6 – Security testing for DevOps (DevSecOps)
Security needs to become an integral part of DevOps style workflows – DevSecOps. DevSecOps operating models emerging use scripts, ‘recipes,’ blueprints and templates to drive the underlying configuration of security infrastructure – including security policies such as application testing during development or network connectivity at runtime. In addition, several solutions perform automatic security scanning for vulnerabilities during the development process looking for known vulnerabilities before the system is released into production. Whether security is driven from models, blueprints, templates or toolchains, the desired outcome is an automated, transparent and compliant configuration of the underlying security infrastructure based on policy reflecting the currently deployed state of the workloads.
7 – Intelligence-driven SOC orchestration solution
An intelligence-driven security operations center (SOC) goes beyond preventative technologies and the perimeter, and events-based monitoring. An intelligence-driven SOC has to be built for intelligence, and used to inform every aspect of security operations. To meet the challenges an intelligence-driven SOC also needs to have an adaptive architecture and context-aware components. The intelligence-driven SOC (ISOC) includes automation and orchestration of SOC processes as a key enabler.
8 – Remote browser
Most attacks start by targeting end-users with malware delivered via email, URLs or malicious web sites. An emerging approach to address this risk is to remotely present the browser session from a ‘browser server’ (typically Linux based) running on-premises or delivered as a cloud-based service. By isolating the browsing function from the rest of the endpoint and corporate network, malware is kept off of the end-user’s system and the company has significantly reduced the surface area for attack by shifting the risk of attack to the server sessions, which can be reset to a known good state on every new browsing session, tab opened or URL accessed.
9 – Deception
Deception technologies are defined by the use of deceits and/or tricks designed to thwart, or throw off, an attacker’s cognitive processes, disrupt an attacker’s automation tools, delay an attacker’s activities or disrupt breach progression. For example, deception capabilities create fake vulnerabilities, systems, shares and cookies. An attack on fake resources, it is a strong indicator that an attack is in progress, as a legitimate user should not see or try to access these resources. Deception technologies are emerging for network, application, endpoint and data, with the best systems combing multiple techniques.

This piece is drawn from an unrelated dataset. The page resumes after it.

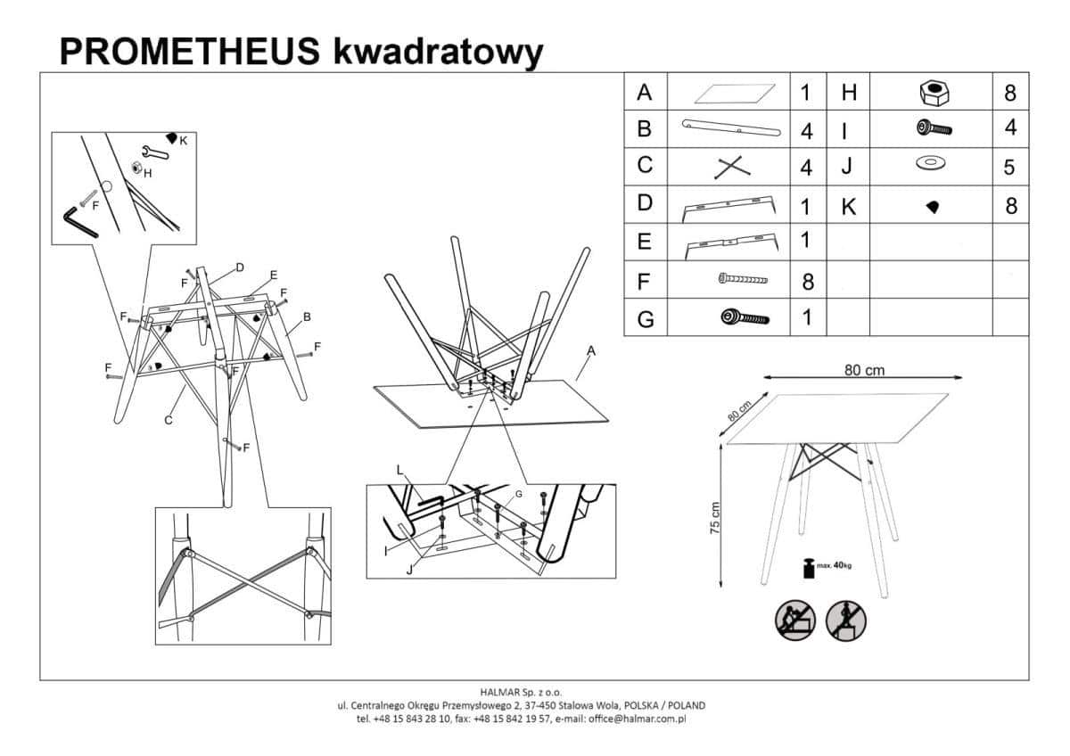 Čtvercový jídelní stůl je vyroben v kombinaci dřevěné lakované MDF desky a nohou z masivního bukového dřeva. Konstrukce stolu je pospojovaná kovovými úchytnými prvky, které jsou vyrobeny z lakované ocele.

10 – Pervasive trust services
Because enterprise security is extended operational technology and the Internet of Things, new security models must emerge to provision and manage trust at scale.
Trust services are designed to scale and support the needs of billions of devices, many with limited processing capability. Organizations looking for larger-scale, distributed trust or consensus-based services should focus on trust services that include secure provisioning, data integrity, confidentiality, device identity and authentication. Some leading-edge approaches use distributed trust and block chain-like architectures to manage distributed trust and data integrity at a large scale.
No doubt, as the new threats emerge will will see evolving cyber security technologies set to fill the gaps in existing approaches.